In 2010, Seth Godin published a thought-provoking blog on pricing: his position is that for more expensive goods, where a customer is relatively loyal, you should give the customer your best (lowest) price, so they remain loyal.
He concluded his post with the following:
“You might leave money on the table if you reward people for being loyal (and don’t make them shop around each time). I think it’s money well spent, because loyalty is worth more than a little more margin. If you train your partners to shop around, expect them to shop around.”
What is the Best Pricing Strategy to Earn Loyalty?
In many situations, Seth is right. However, I once came across a company in the garbage collection business. In that business, a company had to price very aggressively to win a contract; and year after year, they would raise their prices without the contract going out to bid again. They usually keep a customer for about 10 years – enough time for prices to increase to two to three times the going rate on competitive bids.
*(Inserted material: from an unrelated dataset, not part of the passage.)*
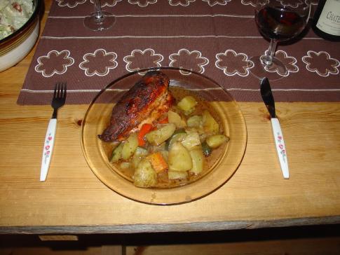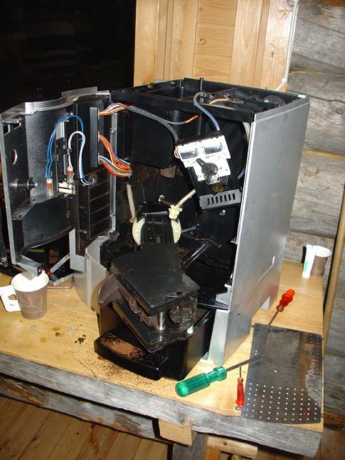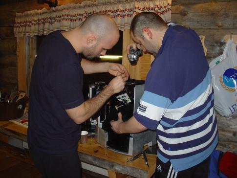 Back in Kelohovi zauberte Ivo uns einen feinen Flughund auf den Teller: Poulet, Rüebli und Kartoffeln und ein Salötli mit gebratenem Speck...mmm. Dazu ein entsprechender Rotwein. Wir haben ja schliesslich Kultur hier draussen im Wald. Leider mussten wir jetzt auf Filterkaffee umsteigen, da unsere Jura-Kaffeemaschine den Geist aufgegeben hat. Servicetechniker Ivo mit Assistent MacMac versuchten alles, leider ohne Erfolg. |
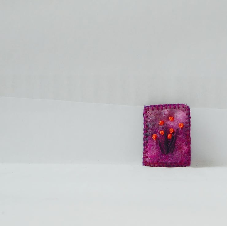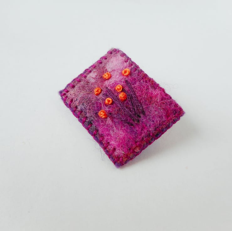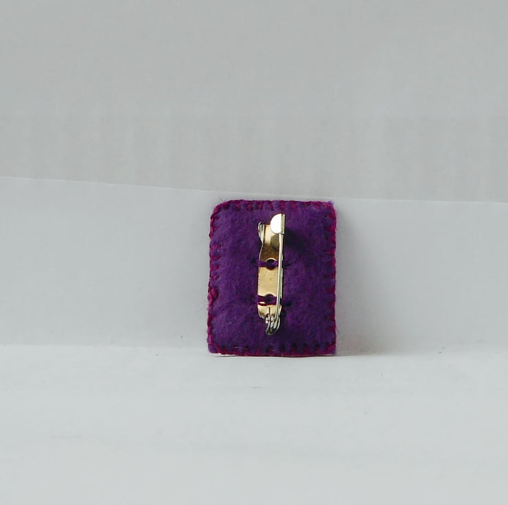 Needle felted and hand embroidered brooch, backed with purple wool felt.

The trick is that their prices are a small enough expense for their customers to avoid detection year after year. Loyalty may very well appear high, but it could also merely be inertia.
Seth’s comments certainly apply a lot of the time.
The price is relatively large, the customers buy from you multiple times, and it is not too difficult to switch vendors, absolutely positively consider his words. Consider giving competitive prices to your most loyal customers. However, as we say, every time we try to make a pricing generalization, it depends.
If pricing were easy, it wouldn’t be fun, would it?